4 SEO Steps To Follow When Changing URLs

by Alex Harvey August 8th, 2011 


In a perfect world every URL would be perfectly optimized from day one, but unfortunately this isn’t always the case.  URLs have to be changed for a variety of reasons, whether you are optimizing the page for the first time, reacting to a change in the way people search, or are forced to do it for other reasons, it’s something that we all have to deal with in the world of SEO. However, if the URL you are changing has a significant number of tasty links coming into it, you won’t want to lose that link equity. Additionally, you don’t want internal links pointing to an obsolete URL. If this is a problem you’re facing for the first time or just need to recap, following these four steps will help you to keep your URL structure tidy, maintain a solid internal linking architecture and retain your link equity.

1. URL Normalization

Best practice URL structure is to keep all characters as lowercase and to separate words with a hyphen. For example http://www.domain.com/page-name.html would be a well optimized URL. If you’re really fussy you may also want to drop the ‘.html’ as well, but it’s not essential. However, if you’re current URL structure is a combination of upper case characters and underscores, my advice is to follow the current structure. Whatever the case may be, ensure your new page conforms to the existing URL structure.

2. 301 Redirects

301 redirecting the old URL to the new URL is essential. This will help to pass the power from existing external links to the old URL across to the new URL. It’s also important as it will enable search engine spiders to effectively find your new page, index the new URL, drop the old URL from the index and help to transfer any existing power the old page has across to the new page.

3. Internal Linking

Ensuring all internal links point to the new URL and not the old URL is also very important. Internal linking is a very powerful signal that tells search engines which pages on your site are important. Neglecting to change your internal links after a URL change will mean that search engine spiders following the incorrect URL will be presented with you 301 page. By making life easy for the spider and correcting your internal links will help it to find the quickest route to your deeper page.

4. Legacy Redirects

Any legacy redirects that are present on your website pointing to your old URL will also need to be corrected. This is one house keeping job that is quite commonly overlooked when changing the URL structure of a page.

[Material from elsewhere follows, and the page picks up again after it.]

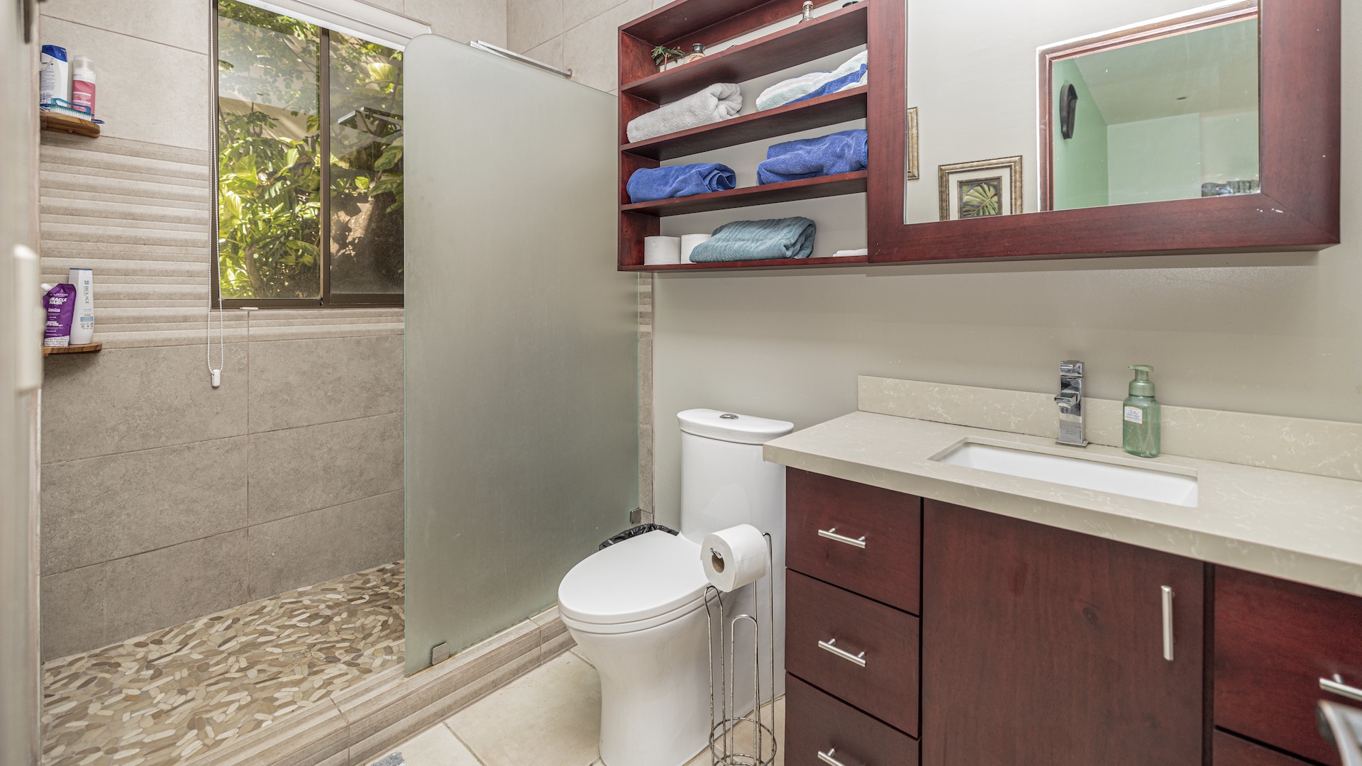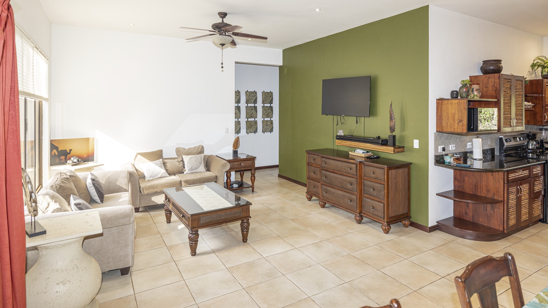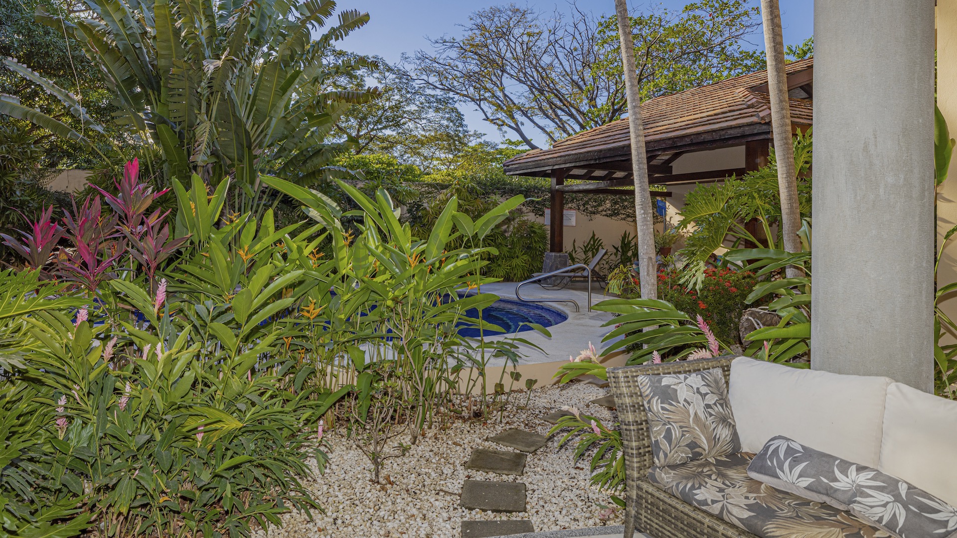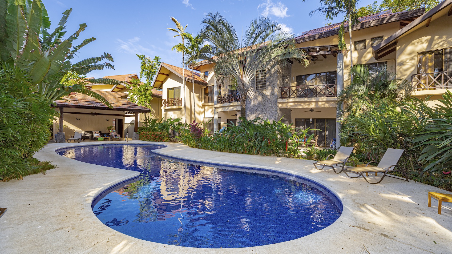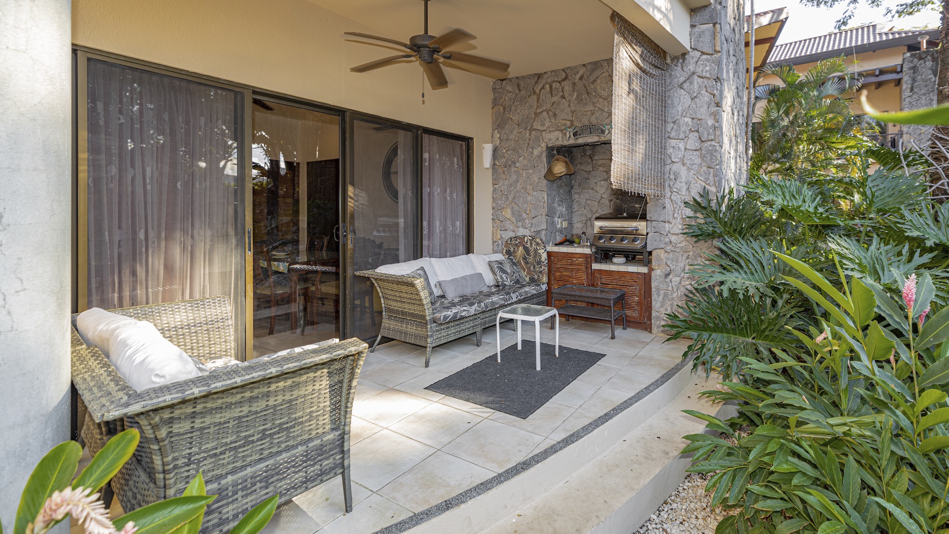 Nestled in a small boutique condominium development within easy walking distance to the beach and the vibrant downtown of Playas del Coco, this beautifully designed ground-floor residence offers a rare sense of privacy and tranquility amid a lush, mature tropical landscape conceived by renowned Costa Rican architect Ronald Zurcher. The 1,316-square-foot, single-level condo features three bedrooms and two bathrooms, including a spacious primary suite with an ensuite bath, while the two additional bedrooms share a well-appointed full bathroom. An open-concept great room seamlessly blends the large kitchen, living, and dining areas, flowing out to a private covered terrace with a built-in BBQ that overlooks manicured gardens, two stunning common swimming pools, and shared ranchos—creating an inviting indoor-outdoor lifestyle. Fully furnished and equipped, the home showcases tile flooring, granite and marble countertops, and stainless steel appliances, all within a secure, fully walled community offering 24-hour security and off-street parking. Perfectly located just 25 minutes from Guanacaste International Airport (LIR) and only minutes from shopping, medical services, restaurants, water sports, outdoor adventures, and Playas del Coco’s lively nightlife, this condo delivers refined coastal living in a serene oasis setting.

This is the basic list that I follow when a page URL needs to be changed. Do you follow any other steps then changing a URL? If so, add them to the comments below.

Alex Harvey

Alex works for Fresh Egg, an SEO and multi discipline search agency. He has an extensive background as a web developer.

SEO & Web Design Blog

You May Also Like

5 Responses to “4 SEO Steps To Follow When Changing URLs”

  1. The legacy redirects are overlooked, you're right. But so too are internal links… surprisingly often!!

  2. […] 4 SEO Steps To Follow When Changing URLs […]

  3. Shannon Lowe says:

    This sounds redundant, but 301 redirects need to be implemented at the page level. In other words, if content on an old page now appears on a newly redesigned page with a new URL, a 301 redirect of the old page to the new page needs to be done. Many times, 301 redirects are only implemented for the home page, or the main URL. The impact of changes to every page needs to be considered to keep search equity from falling to the floor.

  4. Thanks for the details. But one thing I am confused, if I change the URL and redirect the old URL to new one, then Google will index the new URL too, am I right? Then since the content of both old and new URL are same, will Google not count new URL as duplicate content?

  5. I recently changed some content and moved them from standard pages to become blog posts and also a very small amount of editing. . The link structure has changed eg from site/original-page to ../blog/original-page.

    Do you think I should make a 301 redirect to each post or should I keep the original page and modify it to inform visitors of the new location, e.g. a heading page saying This page has been updated and moved? or.. any other suggestions for converting from a page to blog post?